Material for this exercise:
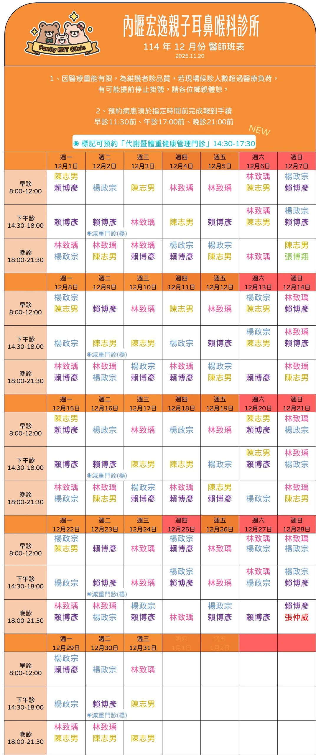 次月門診表
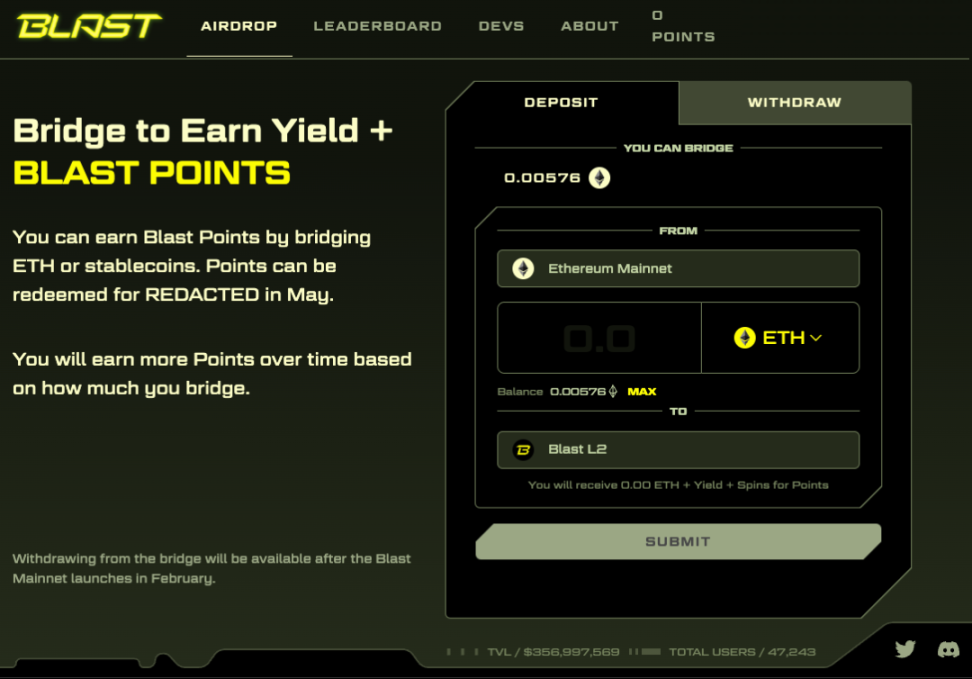 - 将资产从以太坊主网桥接至 Blast,以获得质押收益和积分。这些存入的代币将锁定至 2024 年 2 月。用户在 7 天内桥接任何金额可获得双倍积分。
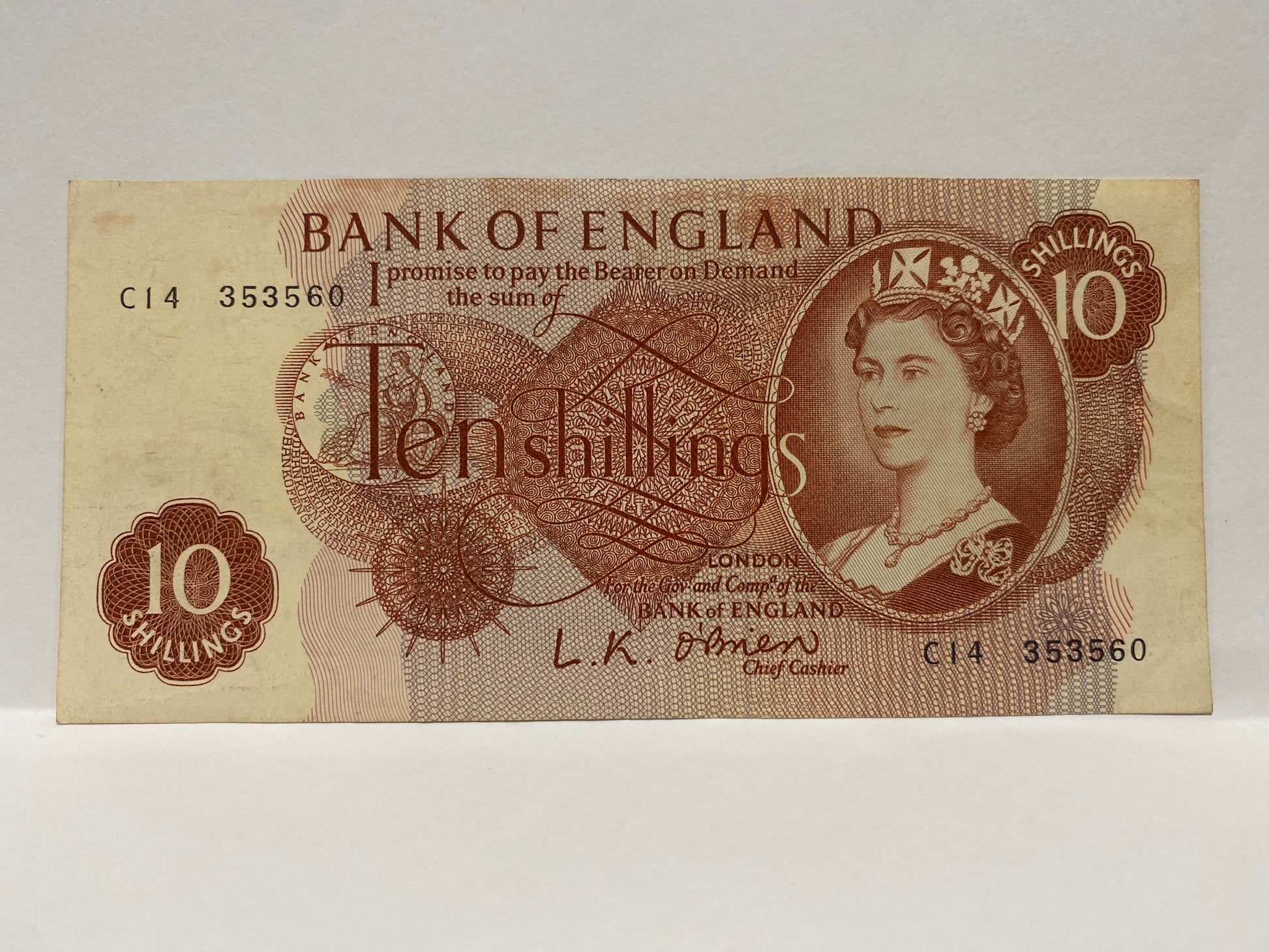 Bank of England Elizabeth II 10 Shilling paper banknote
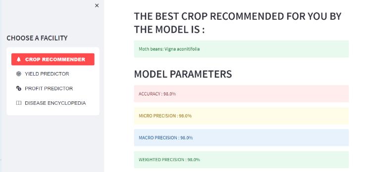 N (nitrogen value), P (phosphorus value), K (potassium value),temperature, humidity,PH, rainfall,and we get the accuracy, Micro Precision, Macro precision and weighted precision.
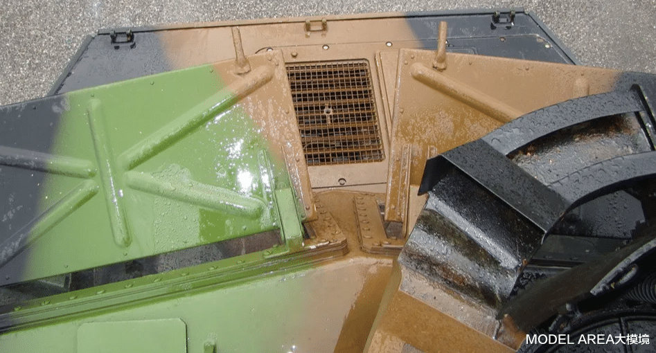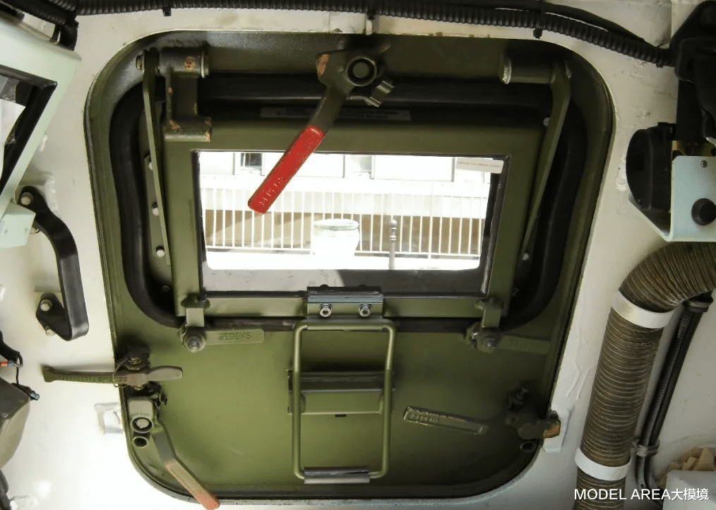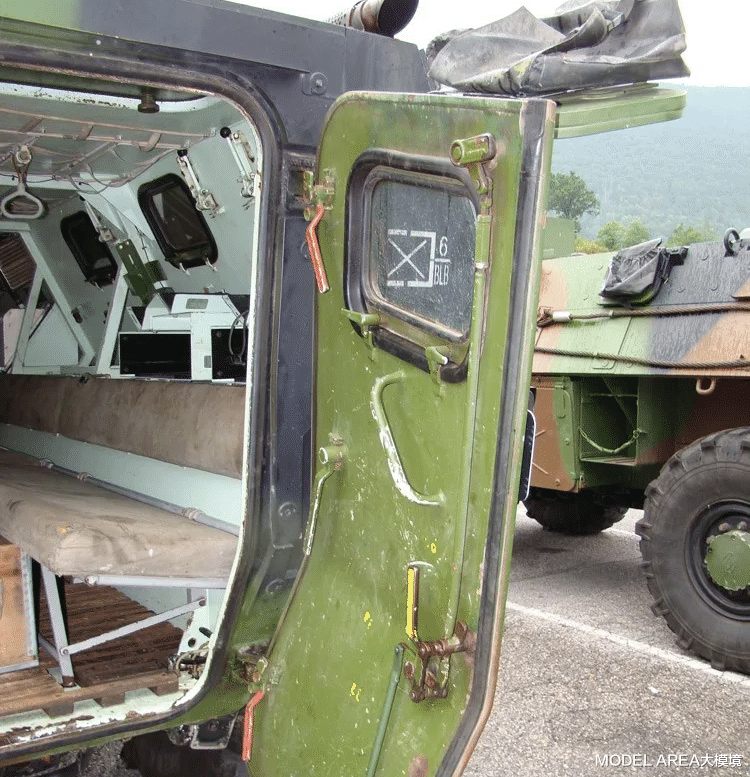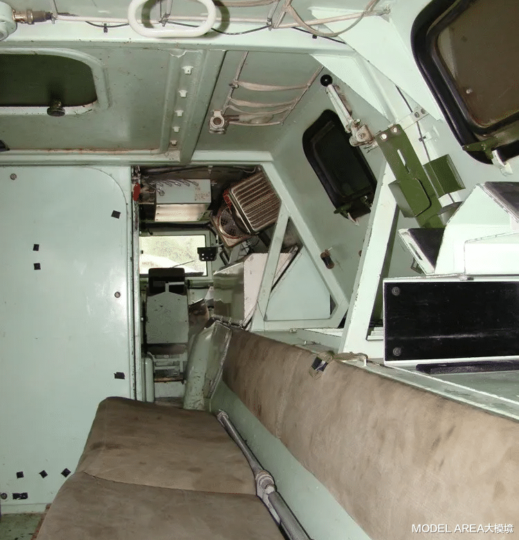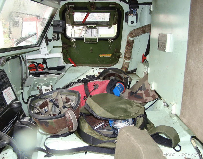 车辆后部有一扇装甲双门,可进入乘客舱。两个朝内折叠的长凳,每个长凳可搭乘5名士兵。机组人员通过两侧舱门进入前舱,驾驶员在左侧,炮手在右侧;车顶的两个额外舱口可进入武器系统,提供紧急出口。前窗户为防弹窗户。所有窗户都可以通过装甲板进一步保护,可以完全关闭或留下一个小的观察孔。发动机位于驾驶员后面,而车辆的右侧保持空旷,提供机组和乘客舱之间的通道。
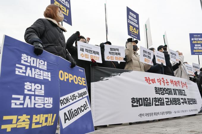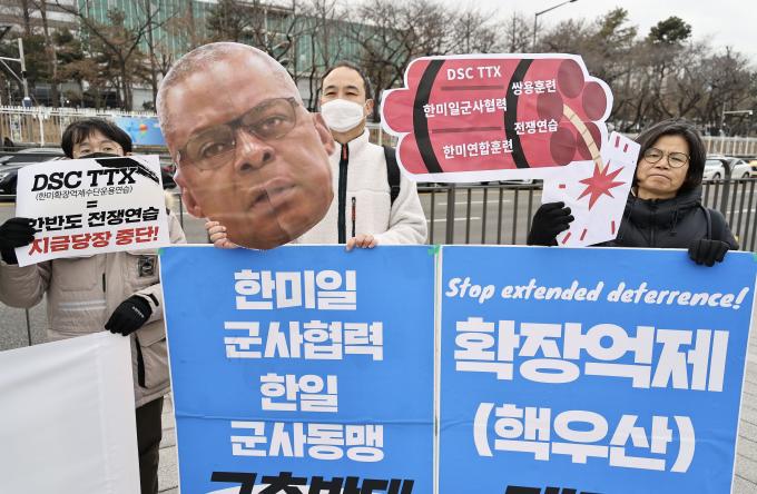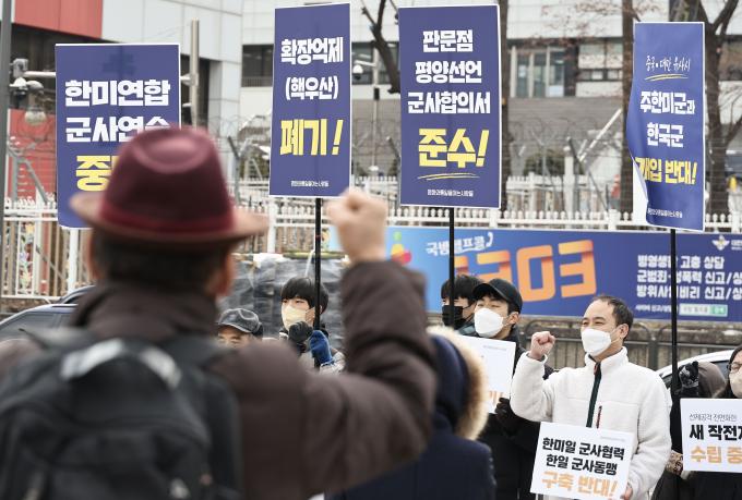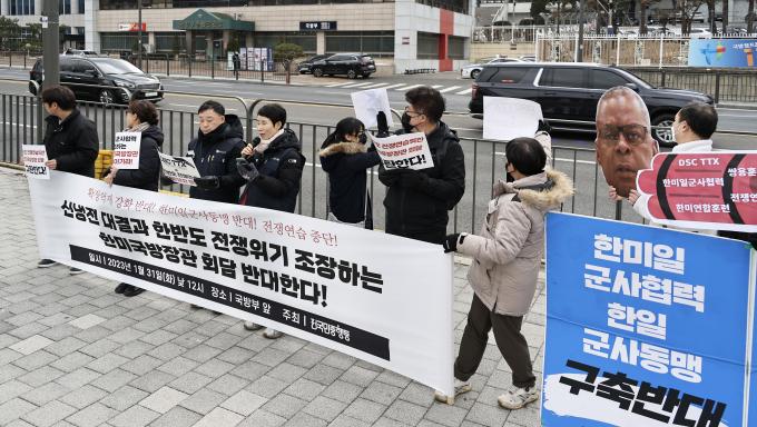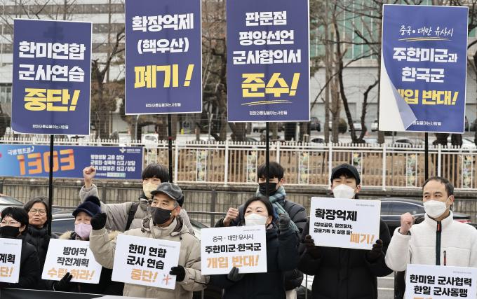 평화와통일을여는사람들(평통사)도 이날 기자회견을 열고 핵전쟁을 불러올 확장억제 정책을 폐기하고 한미일 한일 군사동맹 구축을 중단할 것과 대만 유사시 주한미군과 한국군 개입 반대를 촉구했다.
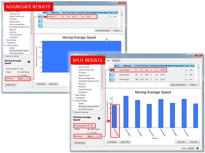 - The split results show the moving speed averaged for each period of time corresponding to the recurring label.
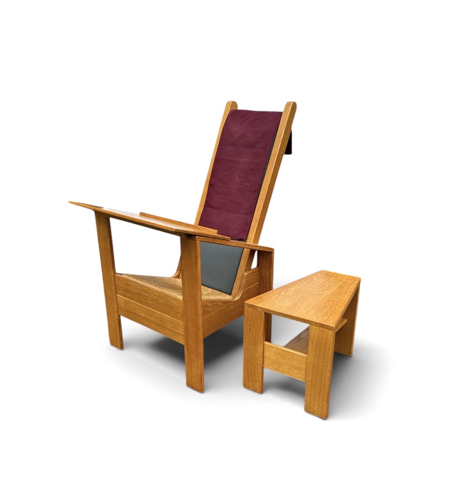 Fauteuil en bijzettafel door Wim Mulder voor Meubelatelier Allerhande in eigentijdse ambachtelijke stijl, vervaardigd uit massief eikenhout. De set omvat een Sedes 6000 fauteuil met een kussen en twee verschillende kussenhoezen, een bijpassende trapeziumvormige bijzettafel en een houten lessenaar op de armleuning. De meubels dateren uit de vroege 21e eeuw en hebben een Nederlandse herkomst.
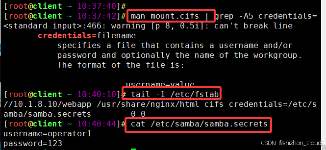 [root@client ~]# chmod 600 /etc/samba/samba.secrets
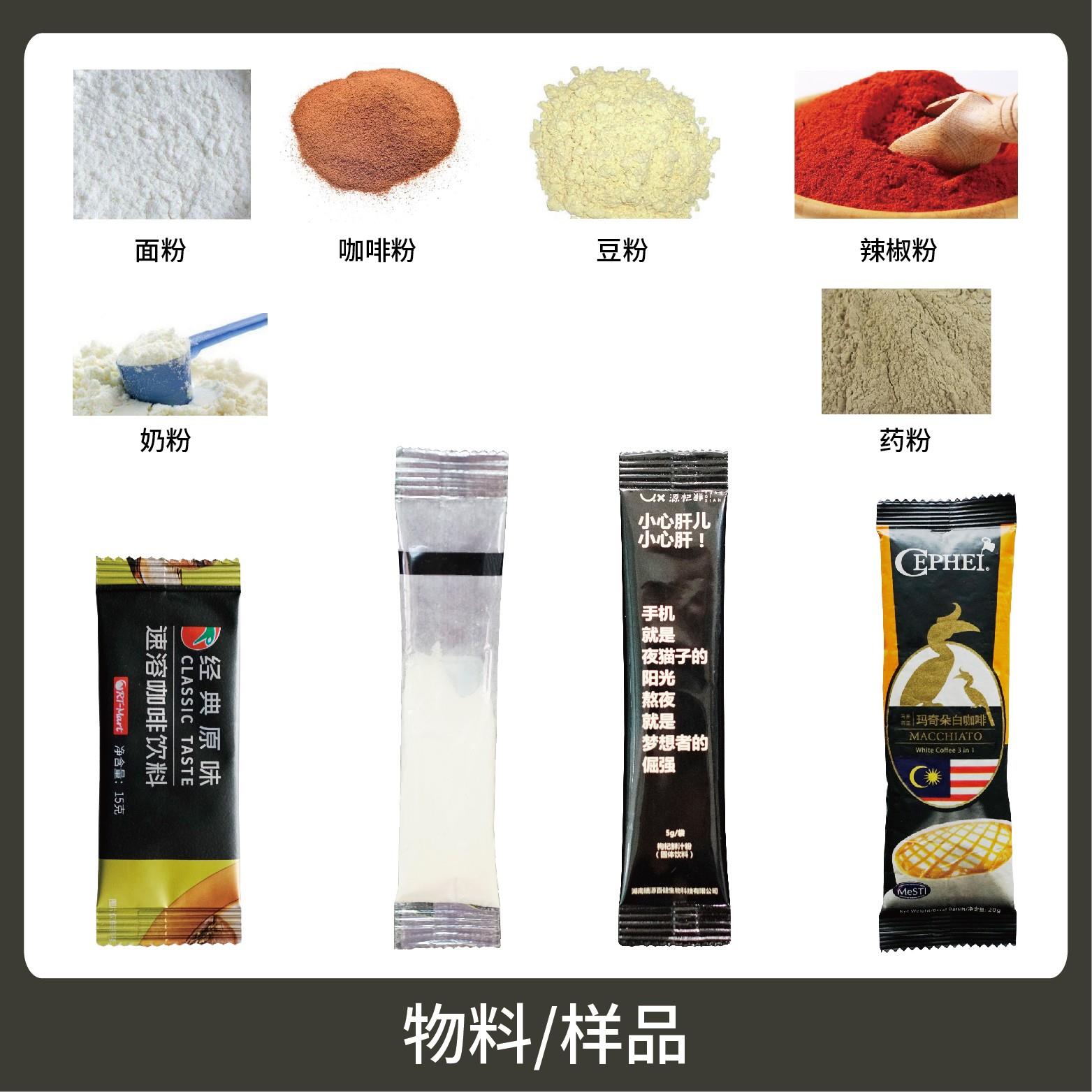 1、適用于食品、醫(yī)藥、化工、化妝品行業(yè)中粉劑物品的計量包裝,如:鹵料粉、奶粉、蛋白質(zhì)粉、咖啡粉等。

Assignment: Could you give all of the data again exactly as written, omitting any pictures?

Exercise response:
 次月門診表
 - 将资产从以太坊主网桥接至 Blast,以获得质押收益和积分。这些存入的代币将锁定至 2024 年 2 月。用户在 7 天内桥接任何金额可获得双倍积分。
 Bank of England Elizabeth II 10 Shilling paper banknote
 N (nitrogen value), P (phosphorus value), K (potassium value),temperature, humidity,PH, rainfall,and we get the accuracy, Micro Precision, Macro precision and weighted precision.
 车辆后部有一扇装甲双门,可进入乘客舱。两个朝内折叠的长凳,每个长凳可搭乘5名士兵。机组人员通过两侧舱门进入前舱,驾驶员在左侧,炮手在右侧;车顶的两个额外舱口可进入武器系统,提供紧急出口。前窗户为防弹窗户。所有窗户都可以通过装甲板进一步保护,可以完全关闭或留下一个小的观察孔。发动机位于驾驶员后面,而车辆的右侧保持空旷,提供机组和乘客舱之间的通道。
 평화와통일을여는사람들(평통사)도 이날 기자회견을 열고 핵전쟁을 불러올 확장억제 정책을 폐기하고 한미일 한일 군사동맹 구축을 중단할 것과 대만 유사시 주한미군과 한국군 개입 반대를 촉구했다.
 - The split results show the moving speed averaged for each period of time corresponding to the recurring label.
 Fauteuil en bijzettafel door Wim Mulder voor Meubelatelier Allerhande in eigentijdse ambachtelijke stijl, vervaardigd uit massief eikenhout. De set omvat een Sedes 6000 fauteuil met een kussen en twee verschillende kussenhoezen, een bijpassende trapeziumvormige bijzettafel en een houten lessenaar op de armleuning. De meubels dateren uit de vroege 21e eeuw en hebben een Nederlandse herkomst.
 [root@client ~]# chmod 600 /etc/samba/samba.secrets
 1、適用于食品、醫(yī)藥、化工、化妝品行業(yè)中粉劑物品的計量包裝,如:鹵料粉、奶粉、蛋白質(zhì)粉、咖啡粉等。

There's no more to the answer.